The room could be featured in any magazine. It is modern, with artsy posters lining the walls, fringed linen pillows adorning a twin bed covered with a chic cotton duvet. A white bookcase displays crystals, coffee table books, and colorful artwork. Next to it, a stylish throw graces an oak desk chair.
This one-of-a-kind room is one of several designed by Benedetto Rebecca, a recent graduate of the University of Miami School of Architecture’s Master of Science in Architecture, specializing in hospitality design. Rebecca has been working with the University’s Department of Housing and Residential Life to design renderings that offer incoming students ways on how they can transform their dorm room into a showstopper.
Rebecca is one of several students enrolled in the school’s PAIR (Professional Advancement, Internship, and Research) Program, offered as part of the Master of Science in Architecture, said its director and associate professor, Eric Firley.
“The PAIR Program is about finding internship opportunities for our students in architectural firms, companies, and other institutions, and to coordinate these opportunities closely with the students’ academic focus,” said Firley. “The students define a research project with their SOA (School of Architecture) professor and then spend 20 paid hours at the partner firm working on expanding that same project.”
Unlike regular internships, where students are assigned random tasks, the PAIR Program gives students the opportunity to spend both academic and professional time perfecting their project, said Firley. Very often, this project turns into the students’ thesis.

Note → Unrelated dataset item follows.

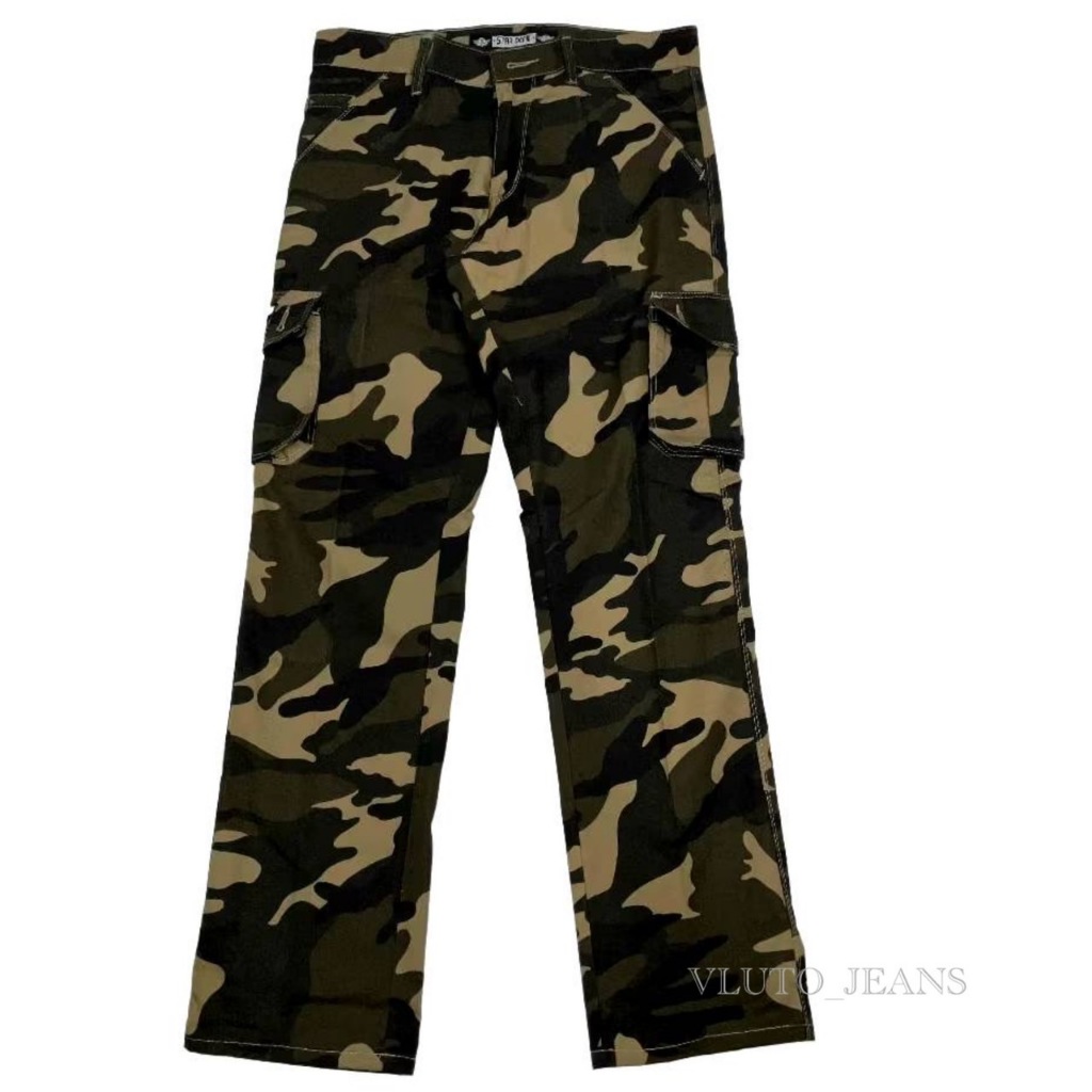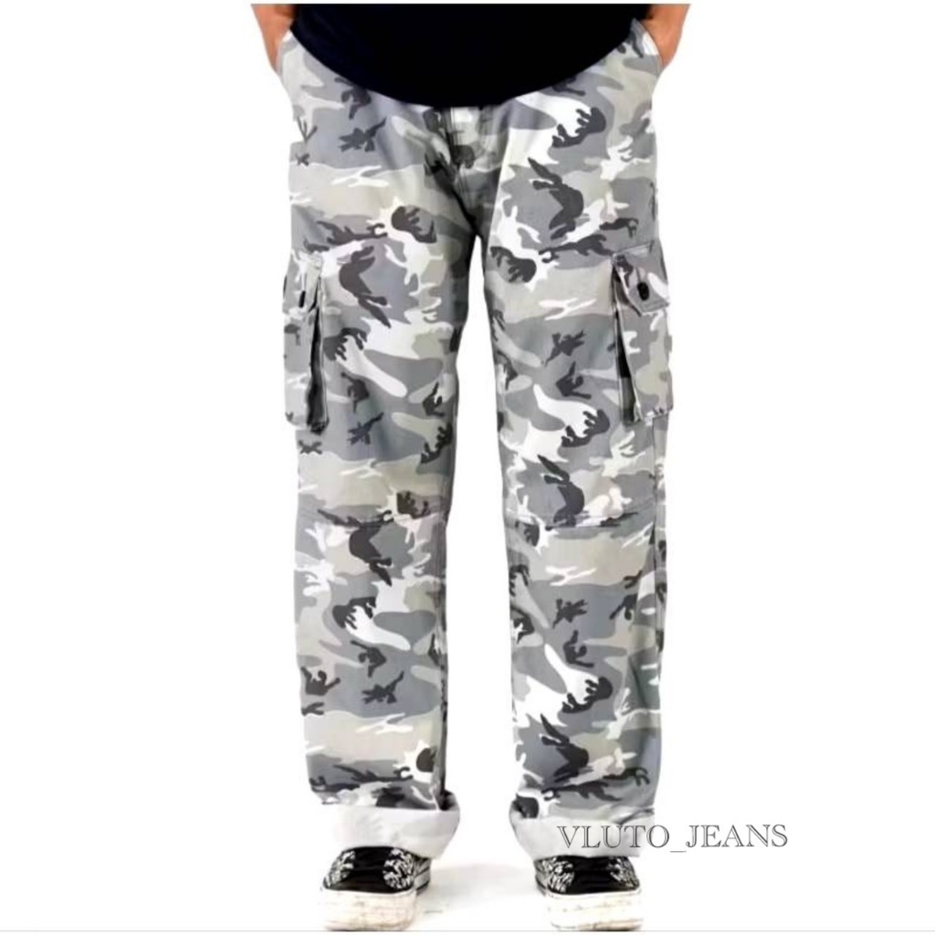 Celana Cargo Pants Loreng Pria Motif Camo Gombrong Bahan Reguler Fit Tidak Melar Size S M L XL 36 38

Richard Sobaram, associate vice president for housing strategic initiatives, has been working with Rebecca throughout the past semester and into the summer, hoping that his renderings of how to transform dorm rooms will inspire students to convert their rooms into similarly fashionable spaces.
“He does great work,” said Sobaram. “We hope to offer students these renderings so that they can see how they can turn their rooms into modern, elegant, and stylish spaces.”

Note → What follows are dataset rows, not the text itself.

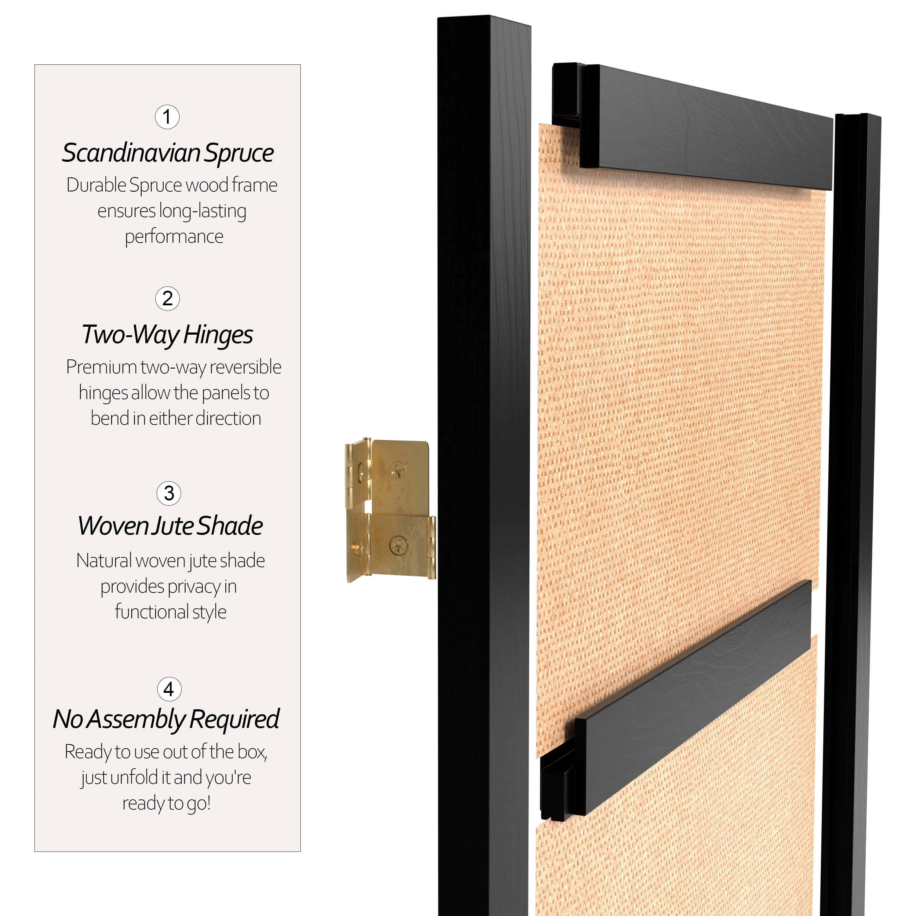 7′ Tall Jute Shoji Screen: Crafted from durable, lightweight Scandinavian Spruce, using Asian style mortise and tenon joinery Shade is strong, tightly woven jute panels to block light and provide complete privacy Lacquered brass, 2 way hinges mean you can bend the panels in either direction Color: rosewood Material: natural fiber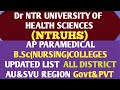 Dr NTR University of Health sciences Carries out the admission process In B.Sc (Nursing) ,BPT,MLT and Various Paramedical Courses Located in Andhra pradesh. it is further Divided into Andhra University(AU) Region and Sri Venkateshwara University (SVU) region.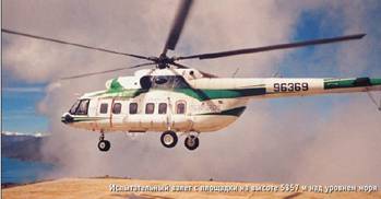 Очень коротко расскажу о результатах работы. Всего за семь летных дней было выполнено 46 полетов с общим налетом 16 часов 42 минуты. Максимальная высота динамического потолка со взлетным весом 8960 кг (высота взлетной площадки 3676 м) составила 7950 м. Максимальная высота площадки, на которую совершалась посадка вертолета с выключением двигателем, их охлаждением в течение 34 минут, запуском и взлетом по-вертолетному (взлетная масса 9000 кг), – 5357 м. Максимальная дальность полета вертолета с грузом 1400 кг на борту на высоте 6000 м достигла 610 км. Максимальная высота запуска ВСУ SAFIR составила 6250 м, а максимальная высота запуска двигателей ВК-2500 чуть меньше – 6000 м.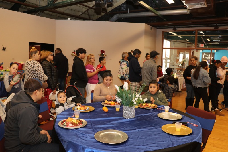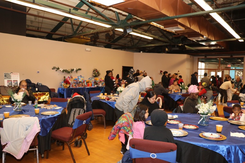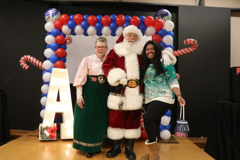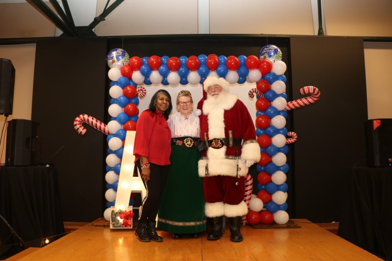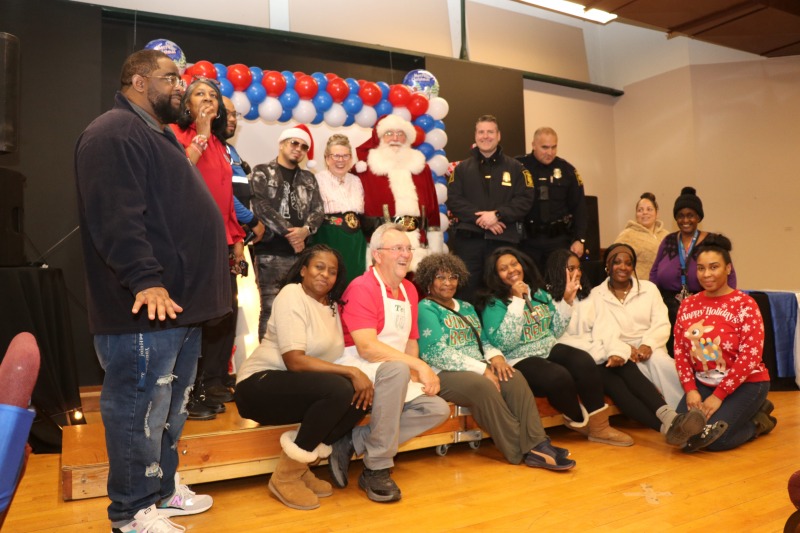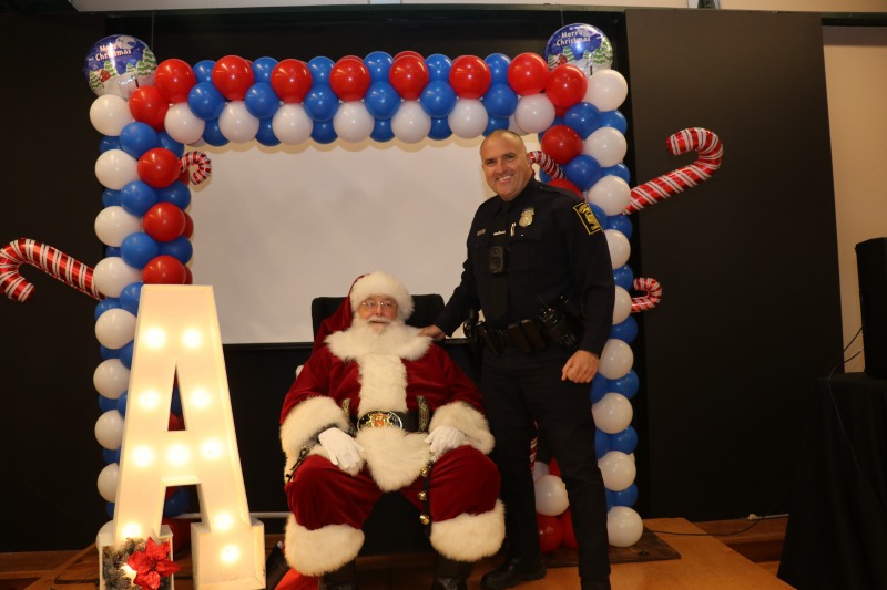 Believe it or not, this is – or was – Caroling in the Park! The Friends of Sigourney Square Park decided this year to move the event indoors and to focus on community and “toys for tots.” The event took place at 224 the EcoSpace, and it was an amazing success. About 200 people attended. Members of the Asylum Hill Neighborhood Association served breakfast to everyone. The Hartford Police Department, including Asylum Hill’s Community Service Office Cesidio “Sid” Palmieri, were on hand to deliver toys to children. And of course Santa was there!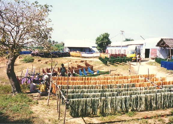 look for the dyed cotton drying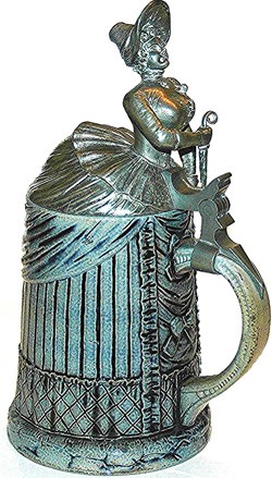 The Fashionable Lady stein, otherwise known as the "Lady with Bustle" by Hauber & Reuther. The advertised model, ECS245, (top) has a fluted pewter lid to represent the top half of the bustle,

Rebecca believes that the built environment shapes human experiences. While designing dorm rooms, he kept in mind that they are more than just living spaces. “They are incubators of student growth, social interaction, and academic engagement,” he said.
Mathilda Ron, a Master of Science in Architecture graduate, participated in the PAIR Program. As part of the hospitality design track, she worked with professor Allan Shulman and the architecture firm OBMI to explore how design can promote wellness in hospitality.
For her master’s thesis, Ron developed The Wellness Room, a hotel room conceived as more than just a place to sleep. It is a curated journey of reconnection and relaxation, designed to support the mind, body, and spirit.
The Wellness Room is structured around six intentional steps that guide the guest through a holistic process of renewal: disconnection, introspection, expelling toxins, cleansing, recovery, and sleep. Each phase is embodied through carefully designed spatial elements and multisensory therapies.
One space features a cool stone-wrapped chamber where silence and darkness promote deep disconnection and mental rest. Others are designed for warm light treatments, including halotherapy—a salt-infused air therapy that supports respiratory and skin health—and red-light therapy, which reduces inflammation and promotes cellular recovery. Every component of the room is aligned with the guest’s internal rhythm, offering a restorative experience through architecture.
“This project transforms the traditional hotel room into a series of sensory experiences, each one crafted to awaken the body, calm the mind, and restore the spirit,” Ron explained.
“In the growing world of wellness hospitality, public spaces have been gaining tremendous attention and transformation, becoming temples of gathering, ritual, and experience,” she added. “Yet the private space, the room where true restoration happens, has often been left behind. The Wellness Room seeks to rebalance that equation by bringing intention and innovation back to the core of the guest’s personal journey.”